E anche ieri mattina abbiamo trovato gli effetti dei raid
notturni: un nuovo centro di comunicazioni, quello di Bab
al-Muhaddan, sventrato, colpito un altro palazzo
presidenziale sulle rive del Tigri, sarebbe quello
abitato dal figlio minore di Saddam, Qusay, che comanda
la guardia repubblicana. E' stato nuovamente attaccato
anche il ministero dell'informazione e il missile che
l'ha colpito ha danneggiato le case vicine. I famosi
danni «collaterali». Che cominciano ad essere numerosi.
Al-Adhamiya è un quartiere abitato dai veri baghdadini,
i vecchi abitanti della città, che si vantano di
esserlo. Dopo aver superato le nubi di fumo nero
provocate dalle trincee di petrolio che ancora bruciano,
ci addentriamo nel quartiere incontrando prima orti
coltivati a verdure e vivai di fiori, poi la zona più
commerciale e popolare. Quasi tutti i negozi sono ancora
chiusi, ma non le bancarelle di frutta e verdura e le
panetterie, che sono obbligate a restare aperte e a
mantenere fisso il prezzo del pane. Svoltiamo in una
strada sterrata della parte di al-Adhamiya che prende il
nome di al-Kam, un cumulo di macerie sbarra la strada. E'
quel che resta di una casa sventrata da un missile.
«Erano le 12 e 30, l'ora della preghiera di mezzogiorno,
c'era chi pregava e le donne cucinavano, quando è
arrivato un boato, la casa colpita è stata completamente
distrutta, quella dietro solo parzialemente, sei i morti,
compresa una bambina di 12 anni, e una ventina di
feriti». Anche la casa di Husham, che ci racconta
l'accaduto, e altre vicine sono state danneggiate.
Intorno a noi si è affollato un gruppetto di persone, ci
sono anche alcune donne, questo è un quartiere sunnita e
le donne sono meno bardate delle sciite. Tutti comunque
ci assalgono: «Questo non è terrorismo?! E magari gli
americani vengono a dirci che qui abitavano terroristi,
era una donna anziana con due figli orfani e la nipote
che era venuta a trovarla, una famiglia distrutta».
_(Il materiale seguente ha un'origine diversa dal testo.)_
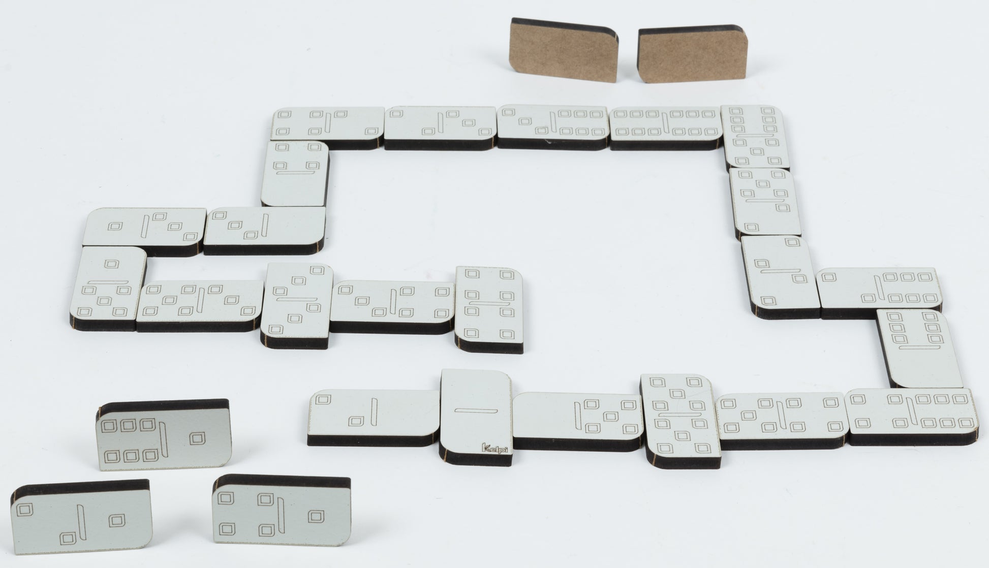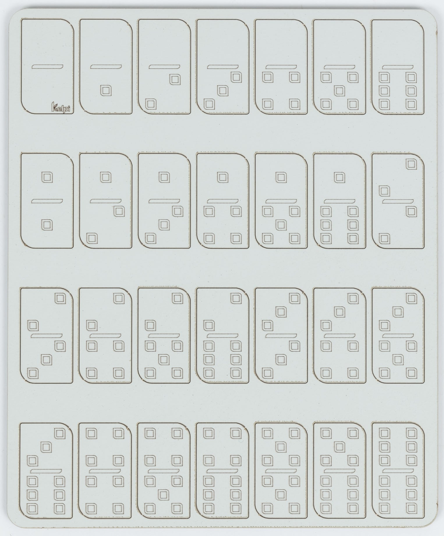 Pièces de domino en bois peint à la main sur une face puis graver et découper au laser. Épaisseur 6 mm. Fabrication française.

Husham, 26 anni, ingegnere agronomo, lavora al ministero
dell'agricoltura, ma da quando c'è la guerra sono tutti
a casa. Anche la moglie Suad, che è avvocata e lavora in
tribunale. Il figlioletto Ibrahim, vuole una fotografia e
subito alza le mani a V in segno di vittoria. Perché
pensate che sia stata colpita questa casa? «Per
vendetta, perché gli americani stanno subendo molte
perdite nel sud», risponde una ragazza. Ma più che
certezze, in loro c'è tanta rabbia, contro gli
occidentali: che cosa fate per fermare Bush? Cerchiamo di
spiegare che cosa fanno i pacifisti in occidente, ma non
possiamo certo dire che le grandi mobilitazioni siano
bastate a fermare la guerra e per loro è questo che
conta. Parliamo anche della posizione dei governi, ma
Husham taglia corto: «Solo dio è dalla nostra parte,
questo ci basta». Gli facciamo notare che forse non
basta. Lui che farà se arrivano gli americani?
«Prenderò il fucile, tutti abbiamo il fucile pronto,
siamo tutti mujahidin (combattenti ndr)»,
conclude. Anche le donne? «Anche le donne», risponde.
Riattraversiamo la città passando accanto, sulla riva
del Tigri, al palazzo presidenziale bombardato ma la
gente non se ne preoccupa, superiamo il ponte, l'unico
sopravvissuto intatto alla guerra del Golfo del 1991,
perché, mi raccontano, era stato mimetizzato con le
piante. Vediamo il centro di comunicazioni al-Mamun
anch'esso sventrato mentre la torre Saddam che si trova
accanto si è miracolosamente salvata, tranne i vetri.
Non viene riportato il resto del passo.